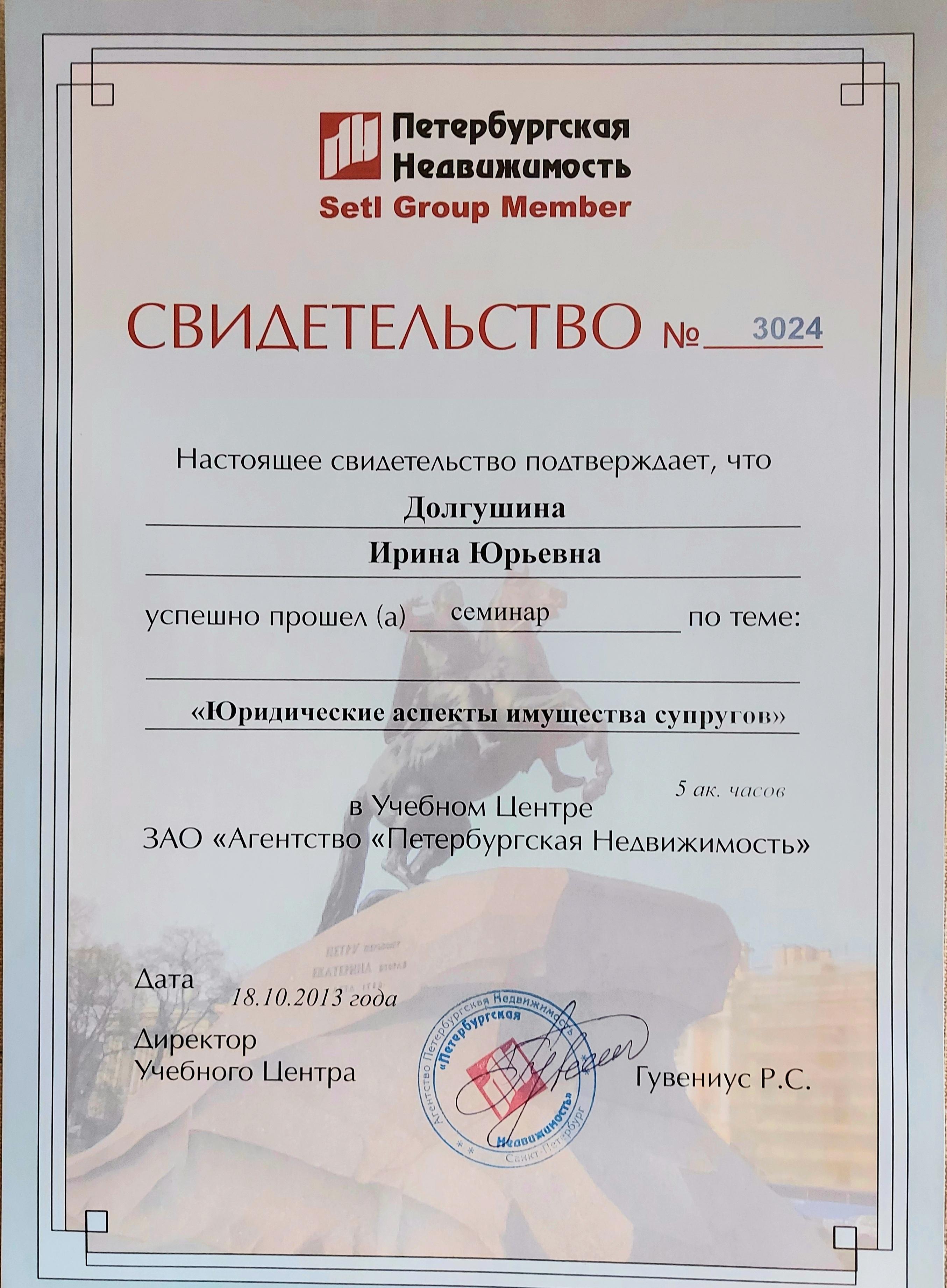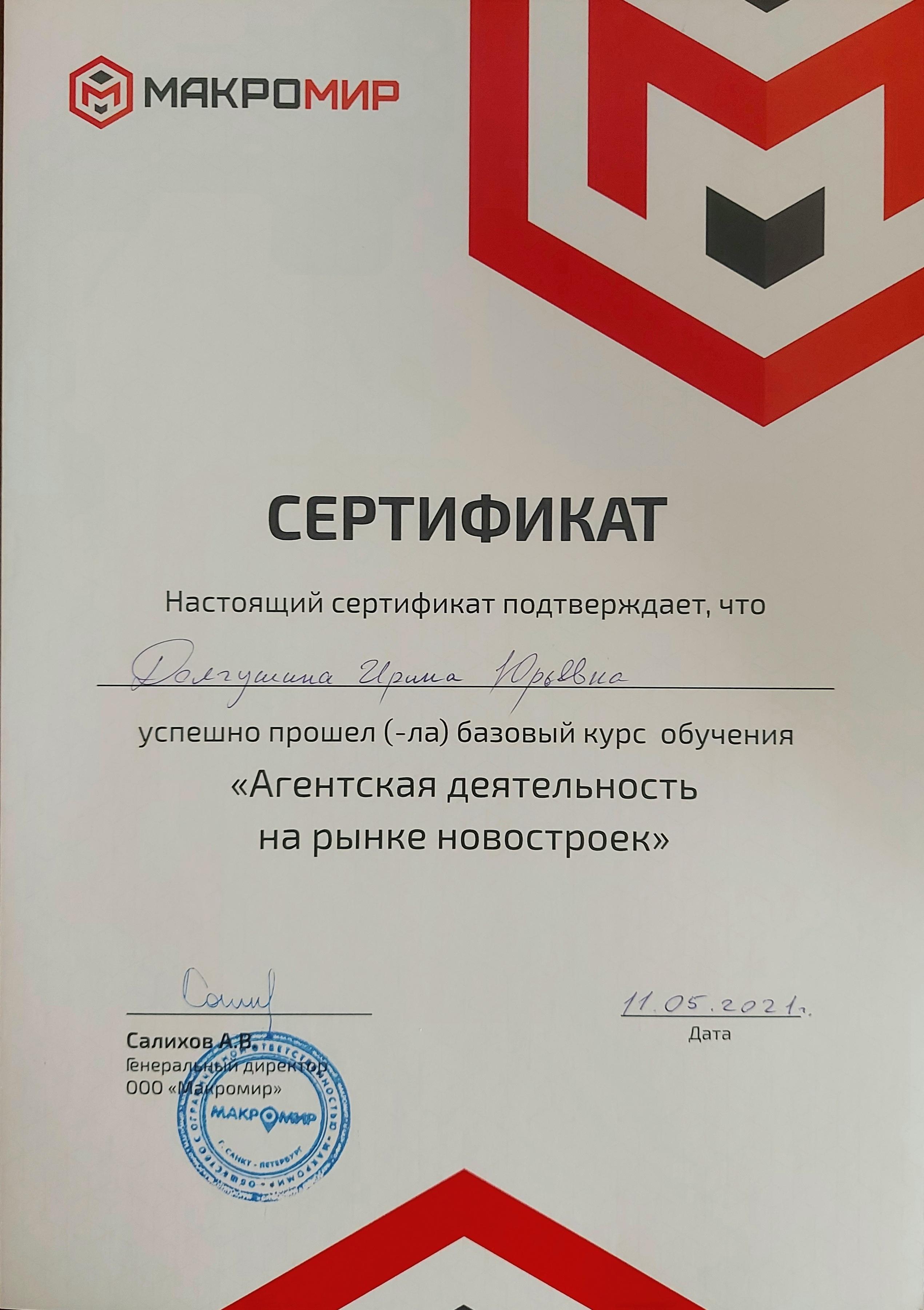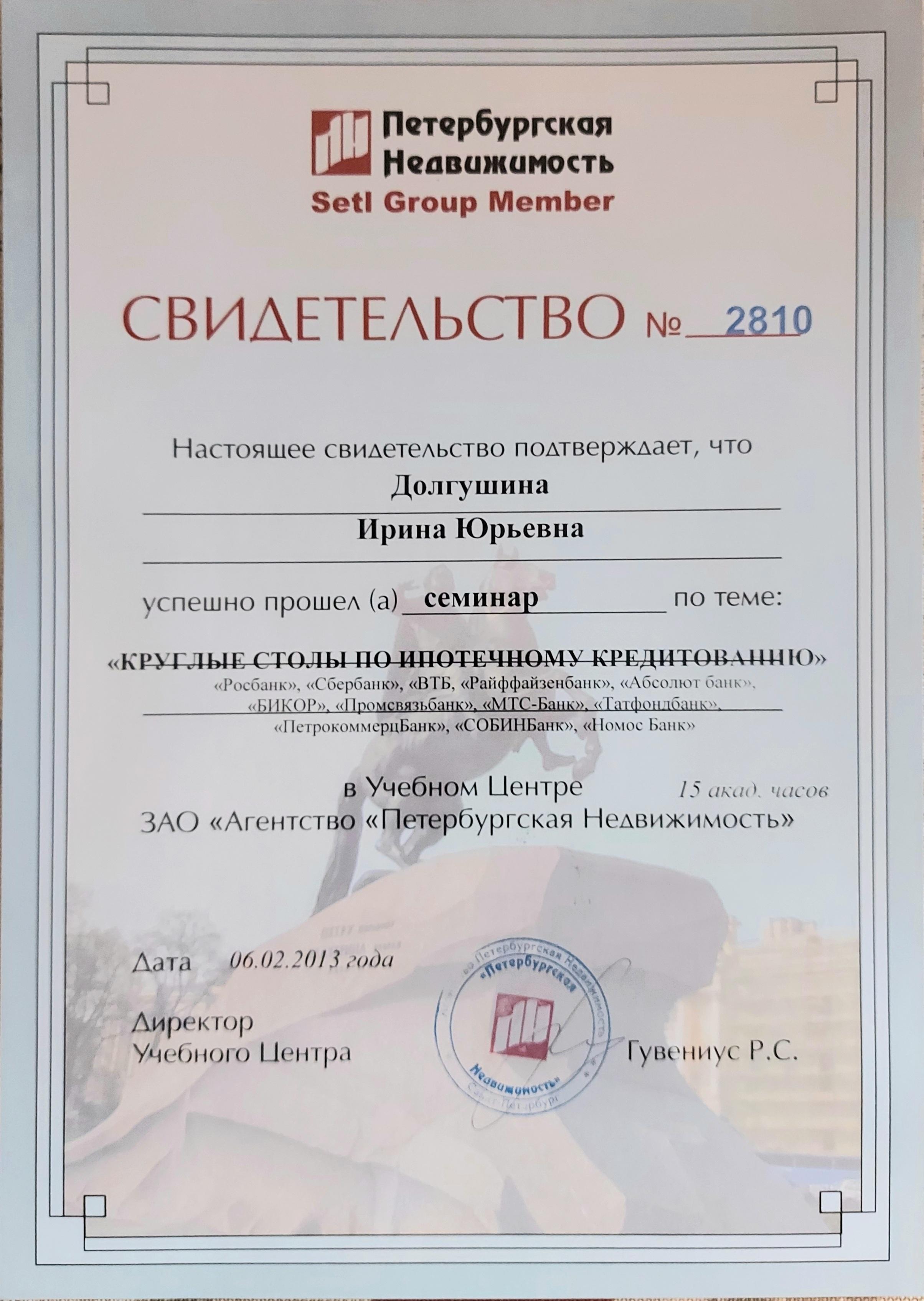 Я однозначно рекомендую Ирину Долгушину как надежного партнера на рынке недвижимости СПб и Лен.области. И выражаю глубочайшее уважение за столько редкую комбинацию высокого профессионализма и прекрасных человечески качеств!
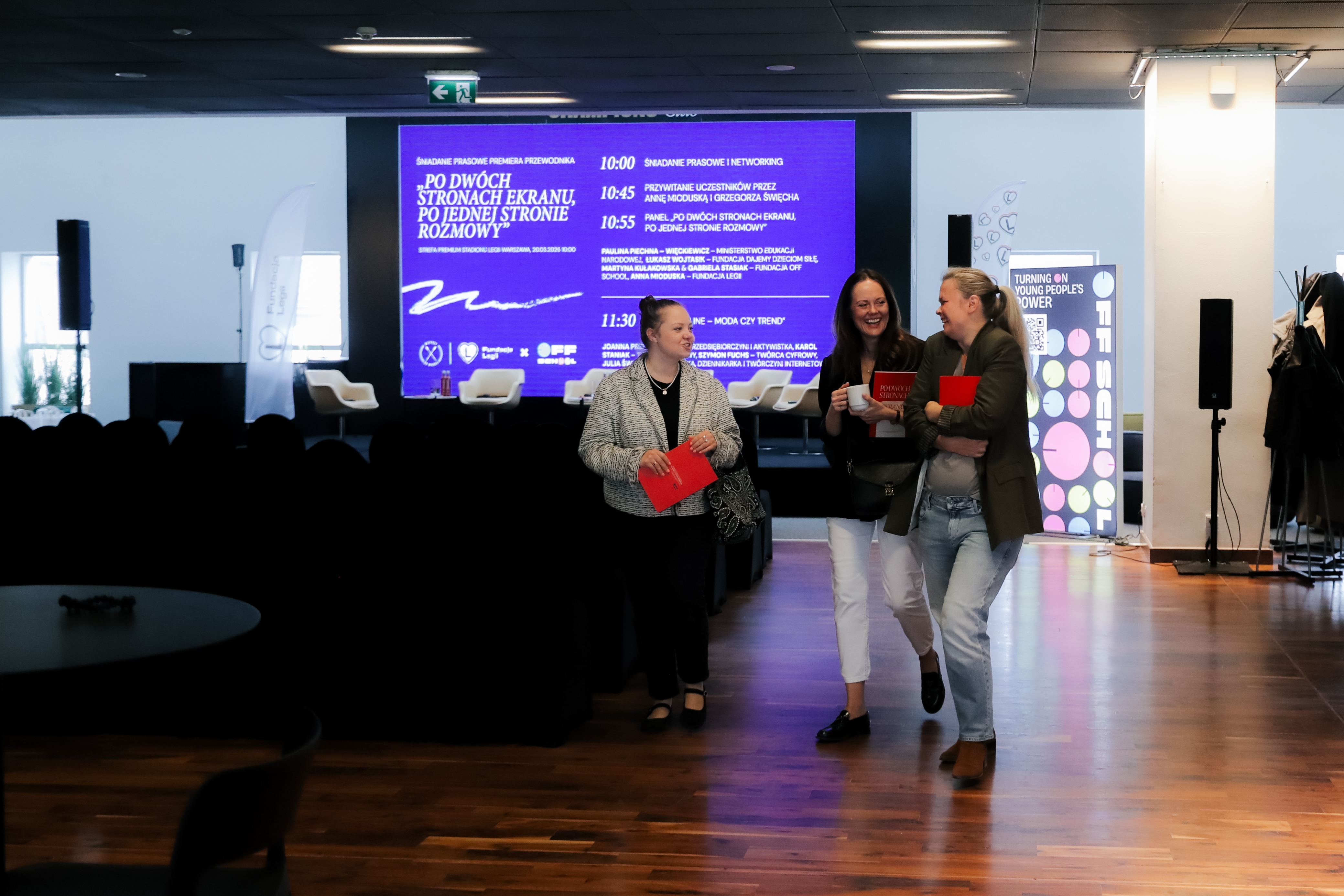 i Gabriela Stasiak (Fundacja OFF School) oraz Anna Mioduska (Fundacja Legii) rozmawiali o tym, jak nie stracić więzi z młodymi ludźmi, gdy domowe Wi-Fi coraz częściej staje się głównym łącznikiem między pokojami. Uczestnicy debaty podkreślali, że budowanie porozumienia wymaga dziś nie lęku
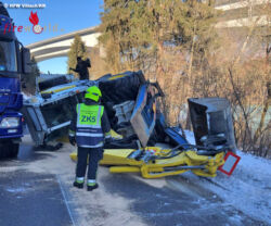 Unverzüglich wurde die Hauptfeuerwache Villach, die FF Vassach und die örtlich zuständige FF Fellach gemäß Alarmplan alarmiert. Am Einsatzort konnte die Meldung der Polizei bestätigt werden. Ein Lkw-Anhänger mit einem Bagger war auf der Fahrbahn ins Schleudern geraten und umgestürzt. Aus dem Bagger traten Betriebsmittel aus und ergossen sich auf die Fahrbahn. Eine Sperre der Bundestraße musste vorgenommen werden. Glücklicherweise wurden bei diesem Unfall keine weiteren Fahrzeug beschädigt und keine Personen verletzt.
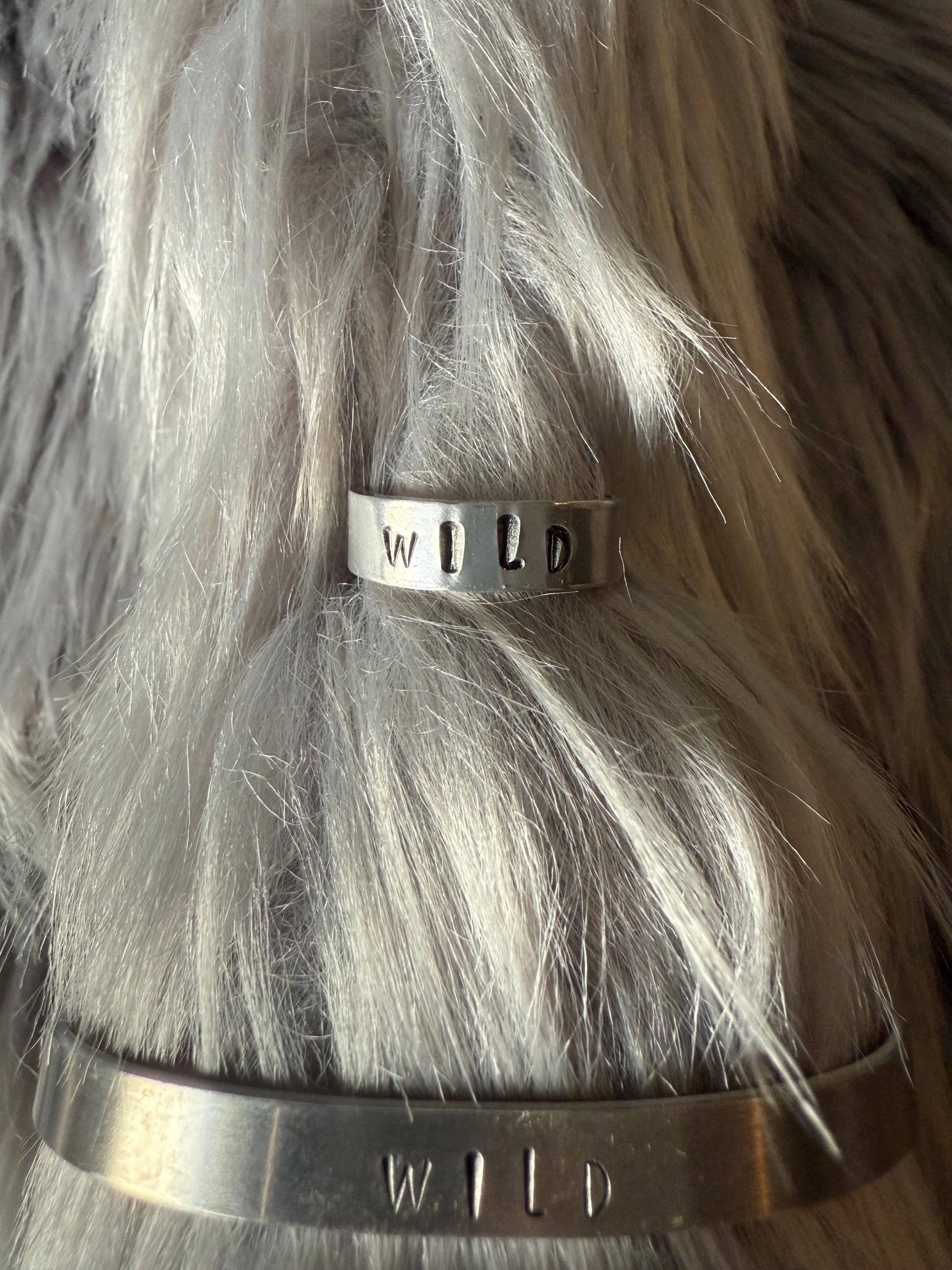 Our “Wild” stamped jewelry comes in a ring, bracelet and set. Pieces are stamped with the work Wild. Bracelet and ring are made from stainless steel. The do give and can be formed to perfectly fit you!

——

## YOUR TASK
All of the material above needs to be restated exactly, with no pictures.

## SOLUTION FOR THIS EXERCISE
 Я однозначно рекомендую Ирину Долгушину как надежного партнера на рынке недвижимости СПб и Лен.области. И выражаю глубочайшее уважение за столько редкую комбинацию высокого профессионализма и прекрасных человечески качеств!
 i Gabriela Stasiak (Fundacja OFF School) oraz Anna Mioduska (Fundacja Legii) rozmawiali o tym, jak nie stracić więzi z młodymi ludźmi, gdy domowe Wi-Fi coraz częściej staje się głównym łącznikiem między pokojami. Uczestnicy debaty podkreślali, że budowanie porozumienia wymaga dziś nie lęku
 Unverzüglich wurde die Hauptfeuerwache Villach, die FF Vassach und die örtlich zuständige FF Fellach gemäß Alarmplan alarmiert. Am Einsatzort konnte die Meldung der Polizei bestätigt werden. Ein Lkw-Anhänger mit einem Bagger war auf der Fahrbahn ins Schleudern geraten und umgestürzt. Aus dem Bagger traten Betriebsmittel aus und ergossen sich auf die Fahrbahn. Eine Sperre der Bundestraße musste vorgenommen werden. Glücklicherweise wurden bei diesem Unfall keine weiteren Fahrzeug beschädigt und keine Personen verletzt.
 Our “Wild” stamped jewelry comes in a ring, bracelet and set. Pieces are stamped with the work Wild. Bracelet and ring are made from stainless steel. The do give and can be formed to perfectly fit you!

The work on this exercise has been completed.